Она поискала взглядом Фрэнка Кеннеди и нашла его рядом с миссис Элсинг. Скарлетт сделала ему знак подойти.

– Я посижу вон в той нише. Может, принесете мне что-нибудь перекусить? Мы могли бы немного поболтать, – сказала она Фрэнку, когда остальные трое мужчин отошли.

Пока он бегал за бокалом вина и тонким, как лист бумаги, кусочком кекса, Скарлетт устроилась в нише в дальнем конце гостиной и тщательно расправила складки платья, так чтобы самых худших пятен не было видно. Унизительные события этого утра, проведенного с Реттом, были вытеснены радостным волнением от встречи с множеством старых знакомых и звуками музыки. О поведении Ретта и своем позоре она подумает завтра. Завтра ей вновь предстоит терзаться бессильным гневом. Завтра она опять спросит себя, удалось ли ей произвести впечатление на уязвленное сердце Фрэнка. Но не сейчас. В этот вечер в ней до кончиков пальцев кипела жизнь, все ее чувства были обострены надеждой, глаза искрились.

Выглядывая из алькова в громадную гостиную, Скарлетт наблюдала за танцующими парами и вспоминала, какой красивой была эта комната, когда во время войны она впервые приехала в Атланту. Тогда начищенные деревянные полы сверкали зеркальным блеском, а свисавший с потолка канделябр сотнями хрустальных подвесков ловил, преломлял, отражал и разбрасывал по всей комнате огоньки десятков горевших на нем свечек, переливавшихся и мерцавших, подобно бриллиантам и сапфирам. Старинные портреты на стенах были полны величия и взирали на гостей с милостивой приветливостью. Мягкие диваны розового дерева так и манили присесть, а самый большой из них занимал почетное место в той самой нише, где сейчас сидела Скарлетт. На всех званых вечерах это было ее самое любимое место. Отсюда открывался прекрасный вид на гостиную и дальше на столовую, где стоял овальный обеденный стол красного дерева на двадцать персон, а у стены чинно выстроились двадцать тонконогих стульев и массивный буфет, заставленный серебряными приборами, подсвечниками на семь свечей, бокалами, соусниками, графинами и маленькими сверкающими рюмочками. В первые годы войны Скарлетт часто сиживала на этом диване всегда в компании какого-нибудь офицера приятной наружности, слушала скрипку и контрабас, аккордеон и банджо и наслаждалась ритмичным шарканьем танцующих ног по натертому воском и отполированному полу.

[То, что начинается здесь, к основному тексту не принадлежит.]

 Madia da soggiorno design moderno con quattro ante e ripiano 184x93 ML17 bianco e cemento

Теперь же в канделябре не было ни одной свечи. Он весь покосился, большинство подвесок было разбито, словно захватчики-янки задались целью истоптать их своими сапогами. Гостиную освещали лишь масляная лампа да несколько свечей, но главным источником света служило пламя, ревущее в широком камине. В дрожащих отблесках огня становилось особенно заметно, насколько непоправимо изрубцован и расколот старый паркет. На выцветших обоях отчетливо виднелись прямоугольные следы от висевших здесь раньше портретов, а широкие трещины в штукатурке напоминали о том, как снаряд, упавший на крышу во время осады города, разворотил весь второй этаж. Тяжелый старинный стол красного дерева, уставленный графинами с вином и сладостями, хоть и обшарпанный, со следами неумелого ремонта на поломанных ножках, все еще царил в опустевшей столовой, но буфет, серебро и тонконогие стулья исчезли. Не было больше и потускневших парчовых штор, когда-то закрывавших арочные, застекленные до самого пола балконные двери в противоположном конце гостиной, остались лишь явно стираные и штопаные кружевные занавески.

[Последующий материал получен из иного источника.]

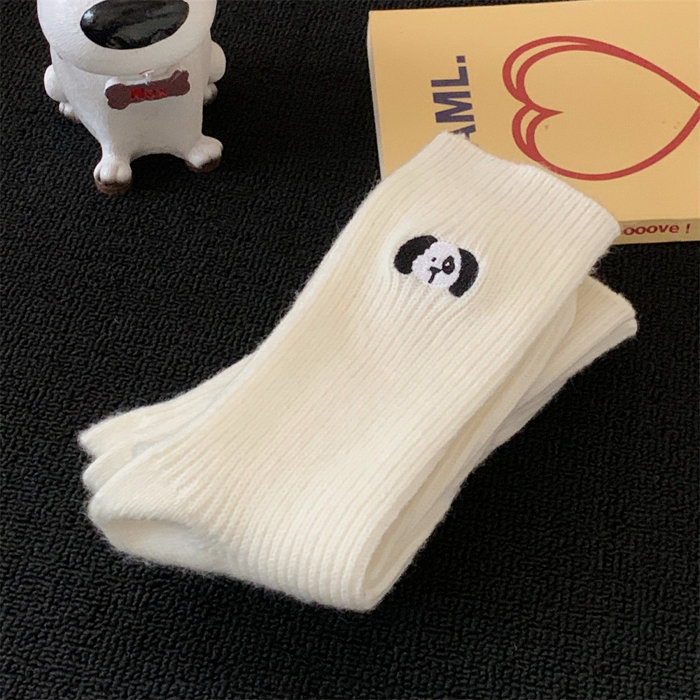 韩版网红个性ins舒适百搭少女心堆堆袜女秋冬可爱刺绣狗狗中筒袜

На месте так полюбившегося ей дивана с изогнутой спинкой стояла куда менее удобная жесткая лавка. Скарлетт с болью в сердце опустилась на эту лавку, горько сожалея о том, что отсыревшие, покрытые пятнами юбки не дают ей возможности принять приглашение на танец. Как было бы чудесно снова потанцевать! Но разумеется, в уединении ниши она сможет вернее вскружить голову Фрэнку, чем в вихре танца. Здесь она сможет завороженно внимать его рассказам и поощрять на все новые глупости.

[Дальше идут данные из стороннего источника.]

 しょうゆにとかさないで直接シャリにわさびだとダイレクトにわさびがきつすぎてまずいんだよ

И все же музыка звучала так призывно… Скарлетт машинально отбивала туфелькой ритм вместе со старым Леви, который, притопывая ногой, наигрывал мелодию на дребезжащем банджо и громко объявлял фигуры кадрили. Ноги танцующих шаркали и постукивали по полу, две шеренги то сходились, то расходились, кавалеры кружили дам, поднимая руки дугой.

Старый Дэн Такер напился вдрызг!
(Покружите ваших дам!)
Свалился в камин, поднял кучу брызг!
(Легче скользите, дамы!)

Как приятно вновь слышать звуки музыки и стук каблуков танцующих после скучных и изнурительно долгих месяцев в Таре; как чудесно снова видеть знакомые лица, смеющиеся в тусклом свете свечей, слушать старые шутки, добродушные поддразнивания, насмешки и кокетливый смех! Это было похоже на воскрешение из мертвых. Можно было почти поверить, что все вернулось на пять лет назад, в те веселые времена. Если бы она могла закрыть глаза и не видеть заношенных и перешитых платьев, залатанных сапог и штопаных туфель, если бы в память не врывались лица молодых людей, не вернувшихся с войны, можно было бы подумать, что ничего не изменилось. Но пока она глядела на стариков, толпившихся в столовой у графина с вином, на сидящих у стен матрон, ведущих беседу под прикрытием голых рук без вееров, на кружащихся в танце молодых людей, ей вдруг пришла в голову холодная страшная мысль: все так сильно изменилось, что эти фигуры вполне можно счесть всего лишь призраками.

Да, они выглядят как прежде, но они стали совсем другими. В чем же дело? Может, они все просто стали на пять лет старше? Нет, дело не только в истекшем времени. Что-то пропало в них самих, исчезло из их мира. Пять лет назад чувство безопасности укрывало их так надежно и так незаметно, что они расцветали под его сенью, не задумывались ни о чем. Теперь оно исчезло, а вместе с ним и былое очарование, былое ощущение чего-то пленительного и волнующего, поджидавшего прямо за углом, исчезло прежнее волшебство бытия.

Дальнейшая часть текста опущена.